Natural selection can move along a similar path on the way to evolving new structures. And, of course, natural selection is not the only evolutionary process operating; as we will see in later chapters, genetic drift, genetic hitchhiking, and many other mechanisms also play important roles in determining the direction of evolutionary change. Thus, new structures can arise from a combination of selective and nonselective processes.

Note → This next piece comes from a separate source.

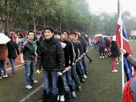 运动会开幕式上,由公司中外员工组成的方阵队伍整齐、步伐矫健,良好的精神风貌、整齐的着装以及“中国梦就是我们的梦,师大成就我们的梦”的醒目标语给全场观众留下了深刻的印象。在三天的比赛中,公司中外运动健儿们在赛场上各显身手,赛场下10级对外班啦啦操队员、看台观众们也用热情的舞蹈和响亮的口号为运动员们加油助威,同学们文明观赛,积极投稿,体现了伟德国际victor1946学子良好的精神风貌。公司为运动员们准备了纸巾、矿泉水等物资,并不时发放巧克力等食物为同学们补充能量。哈萨克斯坦员工们参与了志愿服务活动,参与到会场打扫工作中。19日大雨浇灌了整个运动场,可是我们的同学们毫不退缩,以火一般的热情坚持到了最后。

We have seen how the process of natural selection requires three components—variation, heritability, and fitness differences. When a trait has been under natural selection for a specific function in a specific population, and that trait serves the same primary function or functions today as it did in the past, we call it an adaptation. Adaptations can be studied both in the wild, as we saw with oldfield mice, guppies, and anole lizards, and in the laboratory, as we discovered in our discussion of cell size and temperature sensitivity in E. coli. Through the use of studies that have ranged from the scale of the molecule to the whole organism, we have also explored various ways that the evolutionary process can lead to complex traits, such as the vertebrate eye and the aldosterone–M receptor pairing both through classic step-by-step adaptation for a specific function and through exaptation. We have also seen that constraints limit the power of selection.

We now shift our emphasis from natural selection and the adaptations it produces to phylogeny and common descent in Chapters 4 and 5.